The Transdisciplinary New Media Department hosts Lunch Talks once a month. They are designed to foster knowledge, sharing a casual conversation with designers, curators and artists. Lunch Talks are open to all! Join us on Tuesday, April 7th, 2020, 1-2 pm in room -101 for a Lunch Talk with Matthieu Quiniou.

New methods for protecting intellectual property in the digital era (AI, blockchain, web-crawling…)

Digital technology has multiplied the distribution channels and has amplified the phenomenon of counterfeiting. However, IT tools facilitate identification and lawsuits to protect intellectual property. Art watermarking or the use of blockchain to mark files are techniques that have developed with digital technology and which are reflected in the physical world with the use of sensors, RFID chips or flash code.
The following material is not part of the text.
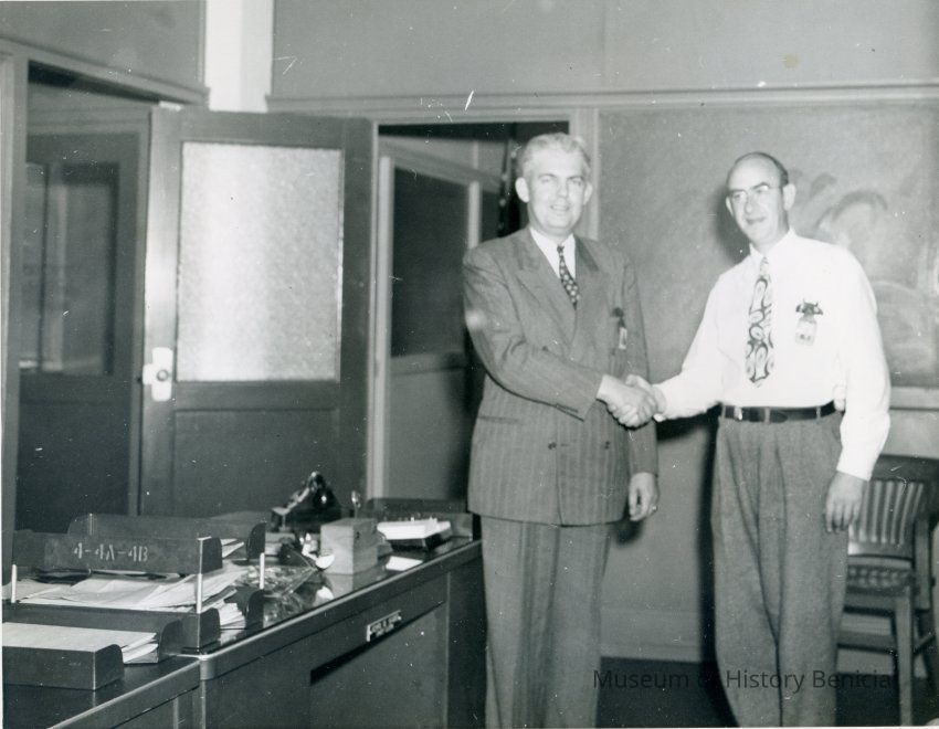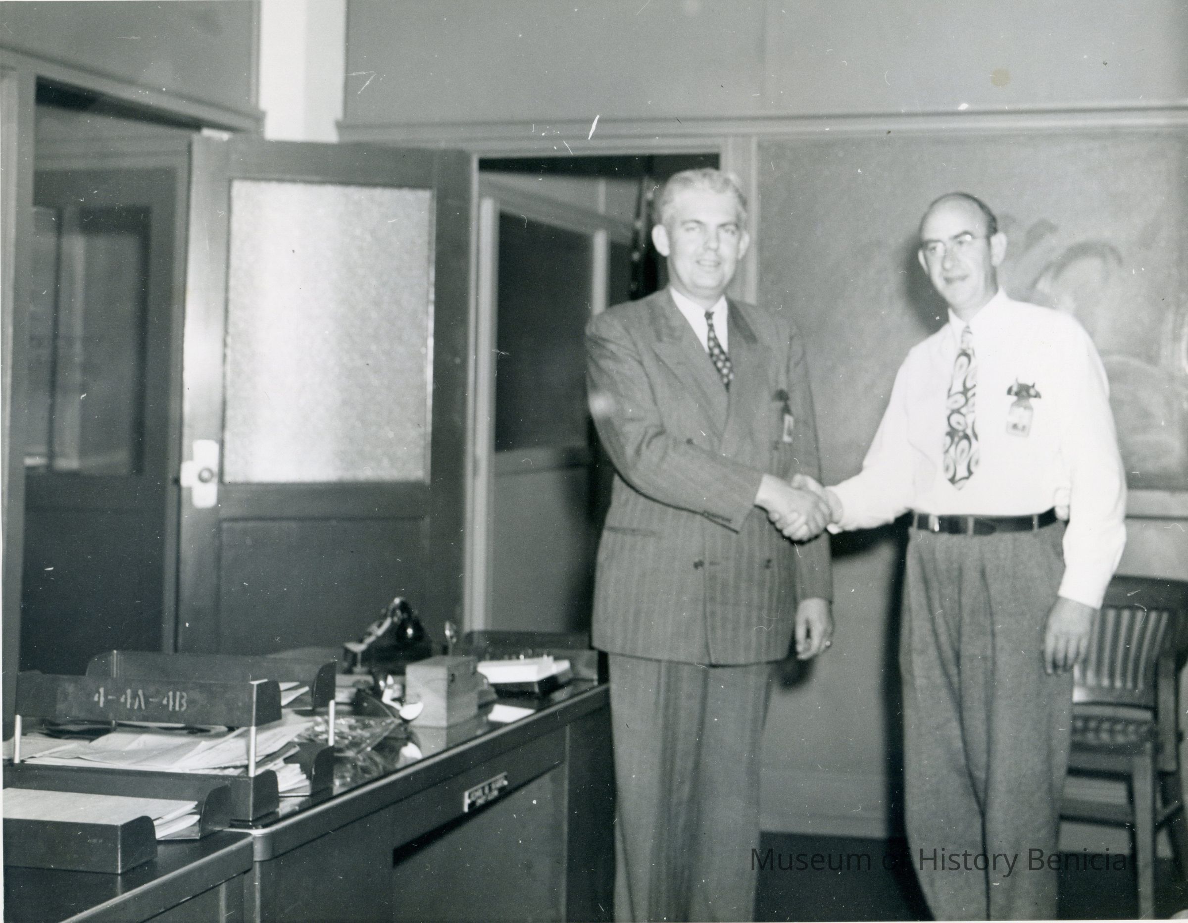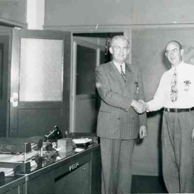 Black and white photo of Walter Kamb (left) and Bernard Hoffer (right) in civilian clothes shaking hands in an office.

Likewise, artificial intelligence coupled with web crawling robots is on the way to becoming a major method for counterfeits detection using large databases.

Matthieu Quiniou is a lawyer (PhD) currently working on research subjects related to digital uses (AI, blockchain, web crawling, VR…) and a researcher at ITEN UNESCO Chair (Innovation, Transmission, Edition Numériques). The ITEN UNESCO Chair is based on interdisciplinary research, training and experimentation around new digital forms of mediation, transmission and publishing. It specialises in the field of new media and digital humanities.

These activities are structured around several objectives:

• To devise an interdisciplinary theoretical framework for describing contemporary transmission processes;
• To design, create and evaluate new cross-media systems for transmitting and publishing information;
• To study and propose new forms of mediation in the areas of culture, science, local government and education, based on new information & communication technologies;
• To set up an experimental space centred around digital applications (e.g. interactive displays, touchscreen tables and smart objects).

The research team aims to gain an understanding of the communication, psychological and sociocognitive phenomena brought about by the mass use of new information & communication technologies in new learning modes. They will assess their actual impact through experimental protocols and propose innovative teaching and publishing devices.

This research and experimentation chair is also intended to bring academic and business partners together around the subject of the transformation of transmission modes that are currently taking place as a result of new digital technologies.